Publication

  • Architectural Encounters: Historic Preservation and the People's History
    Naomi Blumberg, Roberta M. Feldman, Vincent Michael, Michael Plummer, Estevan Rael-Galvez, and Lisa Yun Lee
    Contributors
    Jane Addams Hull-House Museum at the University of Illinois at Chicago, 2013
  • GRANTEE
    Jane Addams Hull-House Museum
    GRANT YEAR
    2009

Architectural Encounter Label. Photo: Lauren Meranda.

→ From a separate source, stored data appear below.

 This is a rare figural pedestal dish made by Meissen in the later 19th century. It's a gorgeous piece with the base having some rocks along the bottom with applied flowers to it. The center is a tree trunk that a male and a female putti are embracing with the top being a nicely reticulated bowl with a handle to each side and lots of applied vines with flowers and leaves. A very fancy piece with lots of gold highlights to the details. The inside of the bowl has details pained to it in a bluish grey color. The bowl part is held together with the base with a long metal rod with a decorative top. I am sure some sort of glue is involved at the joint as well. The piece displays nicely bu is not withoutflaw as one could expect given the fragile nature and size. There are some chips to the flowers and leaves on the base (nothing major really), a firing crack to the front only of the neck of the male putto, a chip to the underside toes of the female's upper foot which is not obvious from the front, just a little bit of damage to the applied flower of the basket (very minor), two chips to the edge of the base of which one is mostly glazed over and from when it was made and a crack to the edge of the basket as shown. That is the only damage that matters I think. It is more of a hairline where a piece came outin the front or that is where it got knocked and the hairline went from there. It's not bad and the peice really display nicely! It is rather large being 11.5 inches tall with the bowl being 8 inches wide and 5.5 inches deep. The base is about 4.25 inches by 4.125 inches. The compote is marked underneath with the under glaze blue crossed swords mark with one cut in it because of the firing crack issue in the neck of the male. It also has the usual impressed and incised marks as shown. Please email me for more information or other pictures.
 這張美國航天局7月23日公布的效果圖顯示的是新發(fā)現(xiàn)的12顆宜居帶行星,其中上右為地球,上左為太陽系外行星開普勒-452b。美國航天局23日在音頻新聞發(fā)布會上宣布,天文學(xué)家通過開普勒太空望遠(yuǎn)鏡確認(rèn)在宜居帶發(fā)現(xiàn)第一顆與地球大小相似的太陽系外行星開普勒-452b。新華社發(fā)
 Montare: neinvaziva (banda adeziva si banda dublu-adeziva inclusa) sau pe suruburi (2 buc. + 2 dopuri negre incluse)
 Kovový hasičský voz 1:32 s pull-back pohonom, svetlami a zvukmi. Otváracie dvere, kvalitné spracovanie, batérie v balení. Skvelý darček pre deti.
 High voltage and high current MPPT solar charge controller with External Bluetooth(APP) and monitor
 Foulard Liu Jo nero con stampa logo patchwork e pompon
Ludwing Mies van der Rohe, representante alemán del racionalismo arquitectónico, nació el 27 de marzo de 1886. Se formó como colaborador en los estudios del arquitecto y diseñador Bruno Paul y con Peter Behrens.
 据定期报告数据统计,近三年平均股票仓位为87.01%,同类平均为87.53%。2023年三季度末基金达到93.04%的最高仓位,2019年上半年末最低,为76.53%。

Hull-House Museum has developed, produced, and distributed a fifty-page catalog for the exhibit Architectural Encounters. This beautifully designed monograph includes high-quality images of twelve important architectural features from the nationally landmarked Hull Home and Residents' Dining Hall, founded by Nobel Prize-winner Jane Addams and her colleagues. Essays by prominent scholars investigate the relationship between the Settlement's built environment, design aspects, and social ideals; while a public panel discussion engages audiences in these issues. Project goals are: 1) contribute to a better understanding of the evolution of Hull-House through the perspective of architecture and the designed environment; 2) provide critical insights into the process by which architecture and urban design can become agents of social change and collective discourse, while contributing to pluralism and democracy; and 3) engage the public in critical dialogue about these issues.

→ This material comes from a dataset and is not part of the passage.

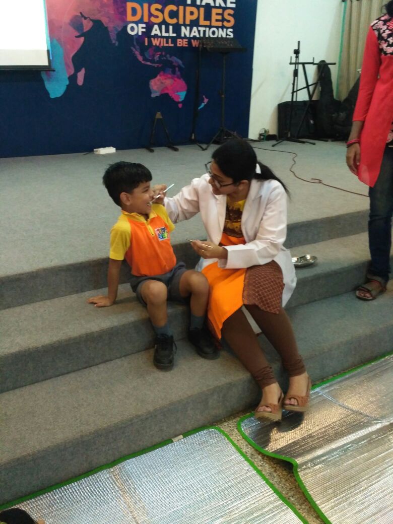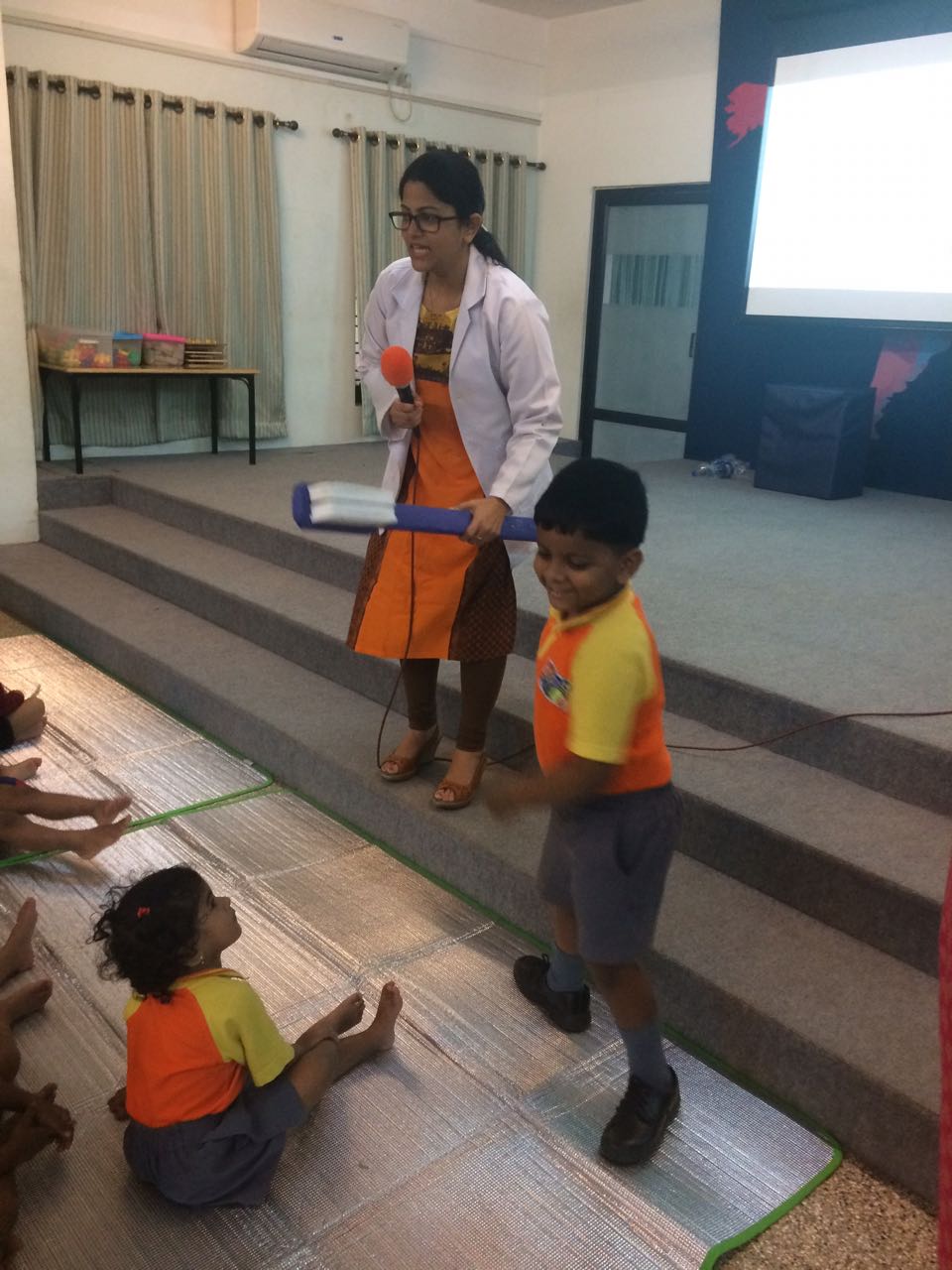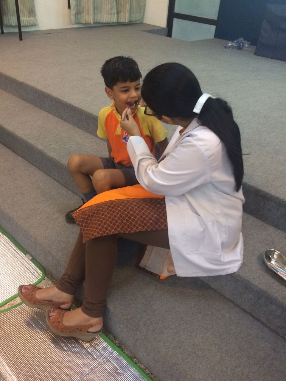 We had a specialist dentist, Dr. Vincy, come in one day and talk to the children about what a dentist does and how to keep their teeth clean. She brought a life size toothbrush with her and the children had a blast learning about dental hygiene.
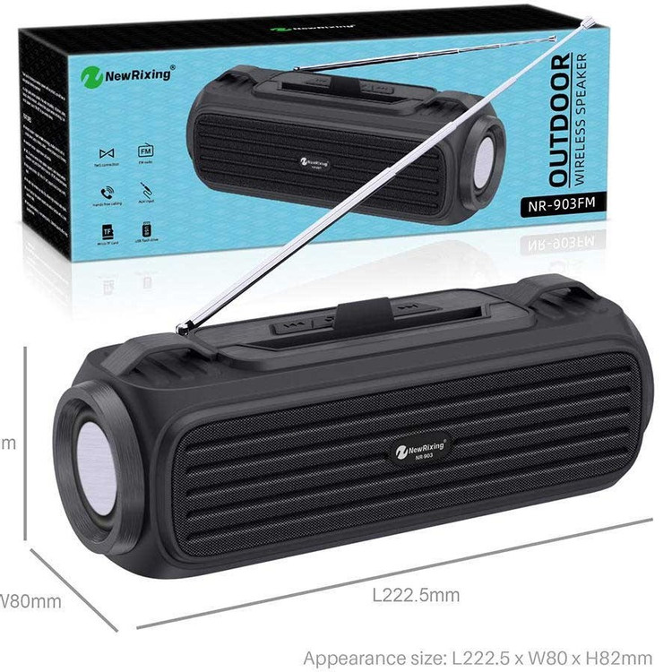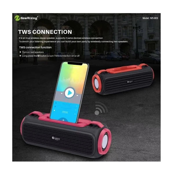 اسپیکر بلوتوثی مدل NR-903FM یکی از بهترین اسپیکرهایی است که صدای خروجی آن کیفیت بالایی داشته و یک باتری با ظرفیت 1200 میلی آمپر ساعت دارد. شما می توانید با استفاده از بلوتوٍث این اسپیکر را به تمام دستگاه های مجهز به بلوتوث متصل نمایید. همچنین در قسمت پشت این محصول شیار کارت حافظه،پورت USB و یک درگاه AUX وجود دارد که می توانید موبایل و سایر دستگاه های خود را توسط کابل AUX به آن وصل کرده، رم خود را در آن قرار دهید و یا فلش مموری خود را به آن متصل کنید. اگر یک اسپیکر با کیفیت و با دوام می خواهید که در گردش، منزل و… از آن استفاده کنید، این اسپیکر را به شما پیشنهاد می دهیم. پشتیبانی از رادیو و تکنولوژی TWS از دیگر ویژگی های این محصول است. تکنولوژی TWS به شما کمک می کند تا بتوانید علاوه بر این اسپیکر، موبایل خود را به دستگاه های مختلفی که این تکنولوژی را ساپورت می کنند، نیز وصل کنید. به عنوان مثال موبایل خود را به چند اسپیکر TWS متصل کنید. یک بند رو دوشس در کارتن این اسپیکر قرار دارد که می توانید برای حمل راحت، از آن استفاده کنید. همچنین میتوانید گوشی خود را در شیاری که در بالای اسپیکر قرار دارد بگذارید و از موزیک لذت ببرید.

Lisa Yun Lee is visiting curator at of the Jane Addams Hull-House Museum and director of the School of Art and Art History at the University of Illinois at Chicago. She has spent the last decade advocating and creating public spaces for conversations on critical cultural and social issues, and she is cofounder and former director of the Public Square. She is the author of Dialectics of the Body: Corporeality in the Philosophy of Theodor W. Adorno (Routledge, 2005); recent articles include works on democratic museum practices, creating counter publics through public programming, and social justice pedagogy. She holds a PhD in German studies from Duke University. She serves on the board of trustees of Ms. Magazine, Young Chicago Authors, the Public Housing Museum, the Chicago Symphony Orchestra, WBEZ Chicago Public Radio, and the Chicago Children's Theatre.

Weston Davey is the preservation specialist and facilities manager at the Jane Addams Hull-House Museum. A graduate of the historic preservation program at the School of the Art Institute of Chicago, his experience includes historical research, archeology, and building investigation and restoration techniques. He produced Architectural Talking Points for Hull-House Tours, a guide for museum educators linking interpretation of Hull-House architecture to the Arts and Crafts Movement, immigration, gender, and class. Davey has worked on restoring a Frank Lloyd Wright-designed home in River Forest, Illinois, and interned for Landmarks Illinois, a preservation advocacy group based in Chicago.

Jane Addams Hull-House Museum is a unit of the College of Architecture and the Arts at the University of Illinois at Chicago (UIC), and serves as a dynamic memorial to social reformer and Nobel Peace Prize-recipient Jane Addams (1860-1935) and other resident social reformers whose work influenced the lives of their immigrant neighbors, as well as national and international public policy. The Museum preserves and develops the original Hull-House site for the interpretation and continuation of the historic settlement house vision, linking research, education, and social engagement. Founded in 1889 as a social settlement, Hull-House played a key role in redefining American democracy in the modern age. Hull House Association, which continues as a social service agency, left the original site in 1963. Hull-House Museum opened in 1967 as a unit of the new UIC campus. The Museum and its programs make connections between the work of Hull-House residents and important contemporary social issues.